While Sarbanes-Oxley, passed in the wake of the Enron collapse and designed to shore up reporting and controls, is a domestic US law, any foreign firm listed in the US, planning to list, or subsidiary of a US listed firm, must comply with the governance legislation.
A global study from European accountants Mazars, found that close to 20 per cent of European companies are planning to de-list from the US markets to avoid complying and more than half feel the costs outweigh the benefits. The UK-based bank HSBC, for example, spent $38 million in its most recent financial year just complying with one section of the Act.
However, beyond Europe, views on SOX moderated significantly. Among Asian firms, there was a much more upbeat view of SOX. Every Chinese firm surveyed felt the benefits of SOX outweighed the costs, while 83 per cent of Indian companies agreed. Moreover, more than 80 per cent of companies in Asia had no intention of de-listing from the US in any circumstance. Australian companies registered with the US Securities and Exchange Commission (SEC) began compliance on 15 July.

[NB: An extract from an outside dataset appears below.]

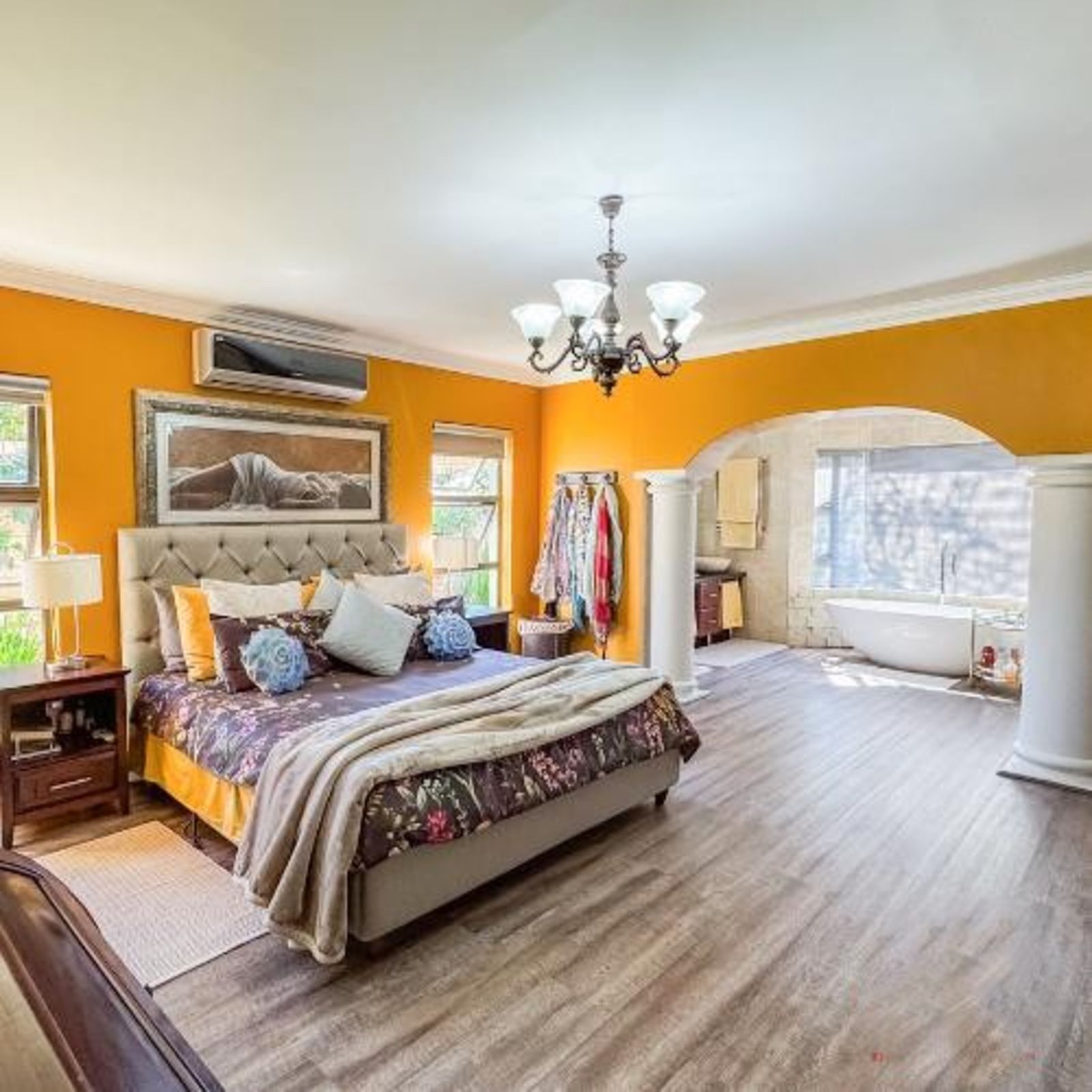A versatile bedroom with dressing room and unique bathroom — perfect as a main suite.

Australian retail giant Coles Myer announced its intention to de-list from the New York Stock Exchange (NYSE) in January of this year, but is so far the biggest Australian firm to make the move. While it did not specifically blame SOX, the company said that the cost of listing on the NYSE, the London Stock Exchange and the New Zealand Stock Exchange, coupled with relatively low trading volumes, had prompted the move back to the Australian Stock Exchange. The first major Australian filers will be ANZ, Westpac and NAB on 30 September.
Despite the Coles de-list, observers said Australian companies filing with the SEC are relatively well-placed to avoid some of the expensive mistakes made by their US counterparts in the initial year of US compliance. Studies suggest that US firms are set to spend $8.4 billion on SOX compliance this year.
However, Australian registrants should avoid such costs. “If we compare SOX 404 to a marathon, US companies have entered for the last two years,” said Geoff Wilson, national managing partner of audit and risk advisory services at KPMG. “Even though Australian companies have observed the race with great optimism, it’s impossible to say how we’ll fare until we’ve actually raced.”
Brian Bogardus, a KPMG partner, added that firms are increasingly looking for business benefits from SOX, rather than just regulatory compliance. “SOX appears to be with us for some time to come, so it makes sense to translate the initial investment into real performance improvement initiatives. We are seeing companies move from ‘how do we comply with 404? [the most expensive section to comply with]’ to ‘how do we use the improved controls to gain competitive advantage?’. The cost of SOX will drop and stabilise as companies, their auditors and the regulators become more comfortable with the requirements of compliance, however, it is important that we walk before we run,” Bogardus said.